> **Task directions**
A line below contains "서울강서서울큰나무병원 예약 방법과", and a later one contains "Disfruta de tus". Repeat both, with every line between them, exactly.

> **Dataset records**

|---|

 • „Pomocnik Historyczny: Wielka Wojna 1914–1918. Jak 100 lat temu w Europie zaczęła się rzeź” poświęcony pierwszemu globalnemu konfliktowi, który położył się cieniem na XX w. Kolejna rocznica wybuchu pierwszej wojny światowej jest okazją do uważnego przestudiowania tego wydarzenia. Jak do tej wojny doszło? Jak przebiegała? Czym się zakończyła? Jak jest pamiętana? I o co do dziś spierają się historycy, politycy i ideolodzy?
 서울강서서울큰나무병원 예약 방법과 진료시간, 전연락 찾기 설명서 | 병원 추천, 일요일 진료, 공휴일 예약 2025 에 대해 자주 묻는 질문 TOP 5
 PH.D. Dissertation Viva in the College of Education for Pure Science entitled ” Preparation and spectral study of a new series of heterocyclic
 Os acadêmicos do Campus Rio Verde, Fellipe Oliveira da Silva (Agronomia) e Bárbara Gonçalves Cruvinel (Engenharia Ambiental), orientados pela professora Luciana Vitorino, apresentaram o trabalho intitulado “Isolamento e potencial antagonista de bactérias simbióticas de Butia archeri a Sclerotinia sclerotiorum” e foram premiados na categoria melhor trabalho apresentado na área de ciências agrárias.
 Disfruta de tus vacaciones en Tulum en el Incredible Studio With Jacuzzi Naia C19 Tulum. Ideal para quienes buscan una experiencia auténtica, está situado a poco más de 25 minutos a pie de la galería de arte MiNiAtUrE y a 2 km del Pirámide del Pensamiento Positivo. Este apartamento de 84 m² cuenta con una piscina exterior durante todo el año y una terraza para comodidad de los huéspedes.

|---|

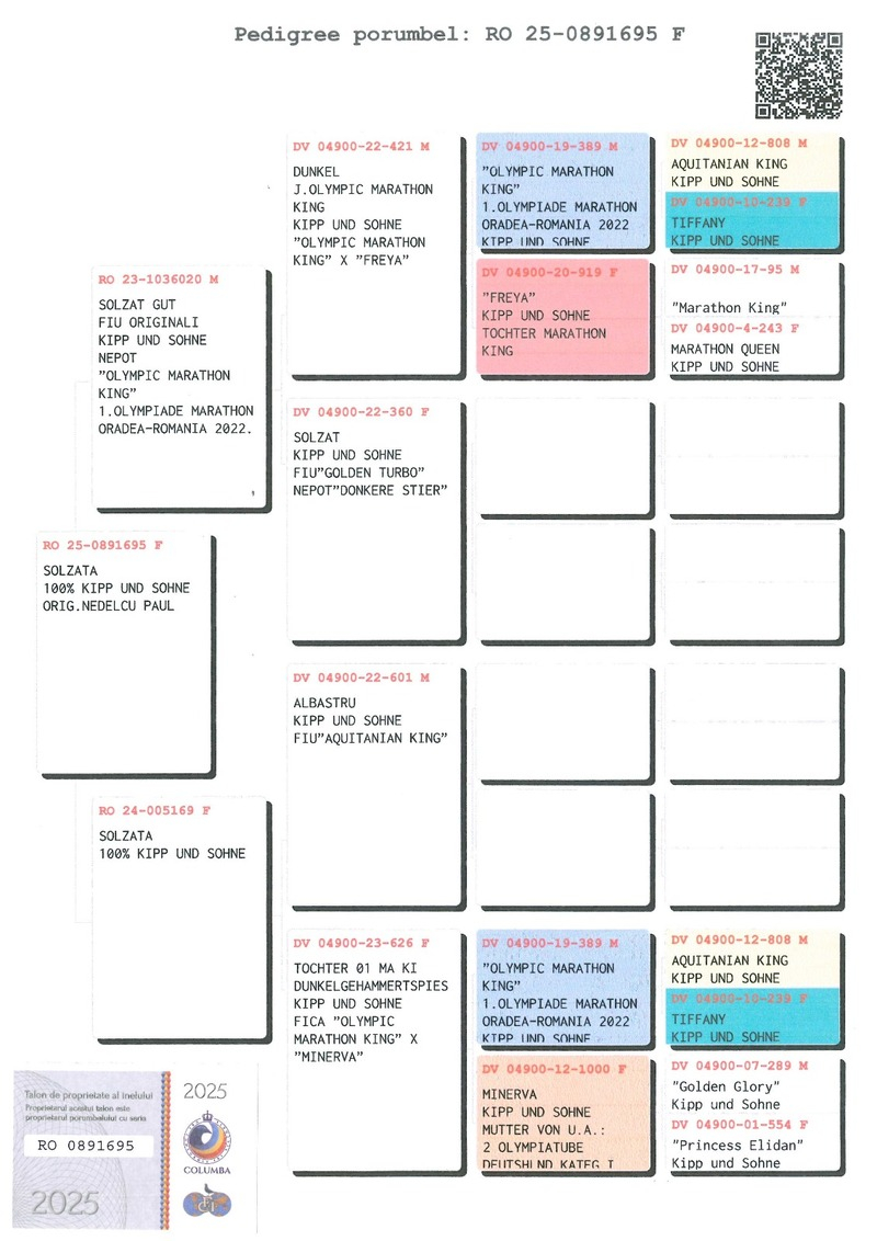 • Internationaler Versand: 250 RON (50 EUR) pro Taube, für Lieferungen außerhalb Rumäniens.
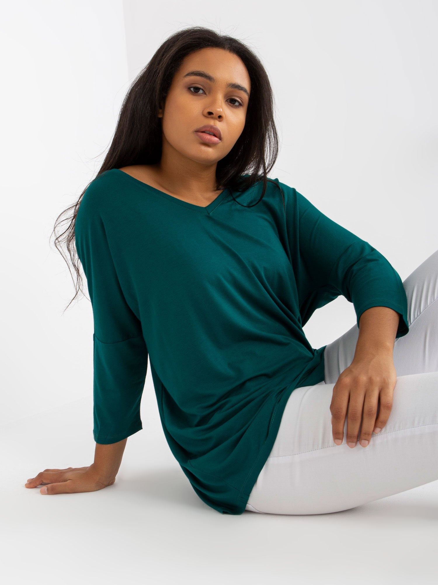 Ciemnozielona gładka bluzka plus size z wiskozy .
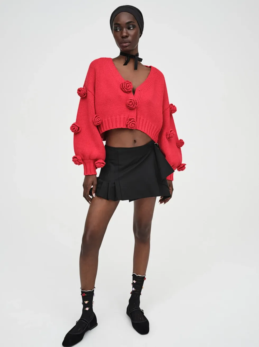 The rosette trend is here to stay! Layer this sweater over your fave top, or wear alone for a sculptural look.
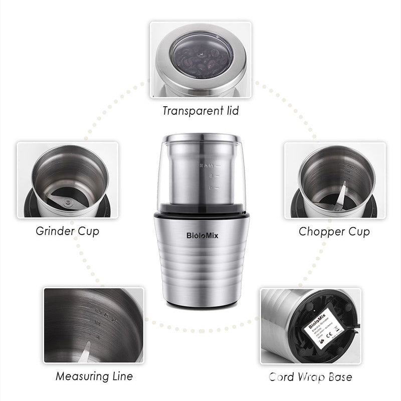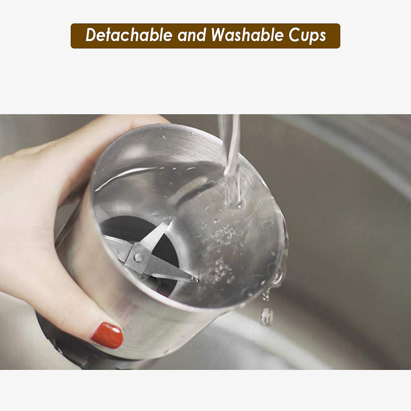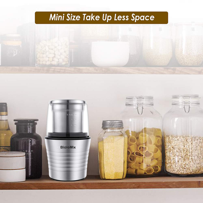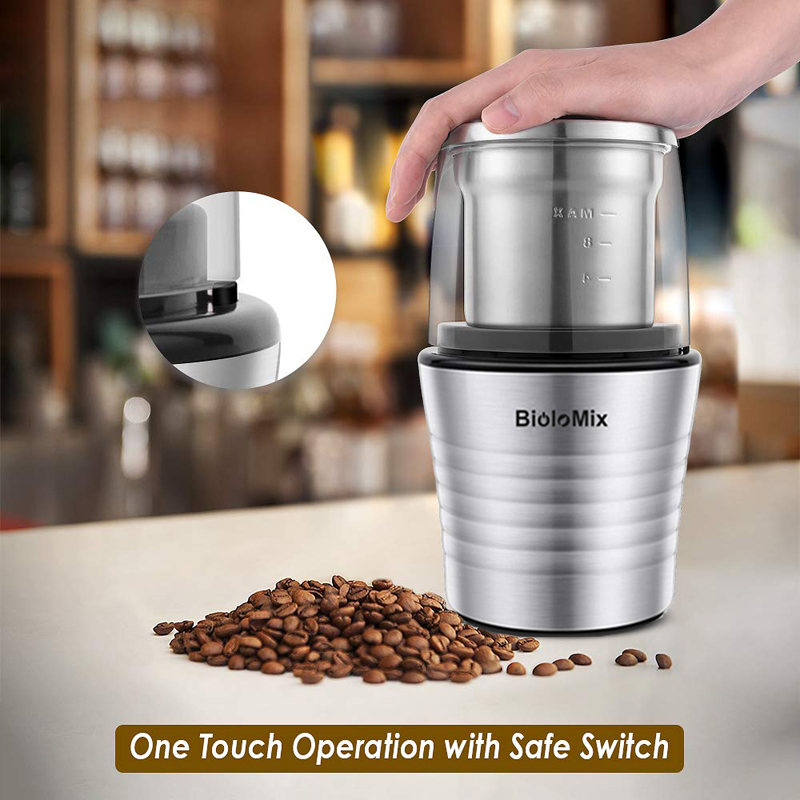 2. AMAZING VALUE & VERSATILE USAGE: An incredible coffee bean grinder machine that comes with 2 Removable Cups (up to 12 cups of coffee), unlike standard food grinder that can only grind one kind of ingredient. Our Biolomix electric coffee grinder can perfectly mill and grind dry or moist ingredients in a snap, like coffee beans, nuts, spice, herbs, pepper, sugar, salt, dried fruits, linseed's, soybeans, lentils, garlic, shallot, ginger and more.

|---|

> **Written reply**
 서울강서서울큰나무병원 예약 방법과 진료시간, 전연락 찾기 설명서 | 병원 추천, 일요일 진료, 공휴일 예약 2025 에 대해 자주 묻는 질문 TOP 5
 PH.D. Dissertation Viva in the College of Education for Pure Science entitled ” Preparation and spectral study of a new series of heterocyclic
 Os acadêmicos do Campus Rio Verde, Fellipe Oliveira da Silva (Agronomia) e Bárbara Gonçalves Cruvinel (Engenharia Ambiental), orientados pela professora Luciana Vitorino, apresentaram o trabalho intitulado “Isolamento e potencial antagonista de bactérias simbióticas de Butia archeri a Sclerotinia sclerotiorum” e foram premiados na categoria melhor trabalho apresentado na área de ciências agrárias.
 Disfruta de tus vacaciones en Tulum en el Incredible Studio With Jacuzzi Naia C19 Tulum. Ideal para quienes buscan una experiencia auténtica, está situado a poco más de 25 minutos a pie de la galería de arte MiNiAtUrE y a 2 km del Pirámide del Pensamiento Positivo. Este apartamento de 84 m² cuenta con una piscina exterior durante todo el año y una terraza para comodidad de los huéspedes.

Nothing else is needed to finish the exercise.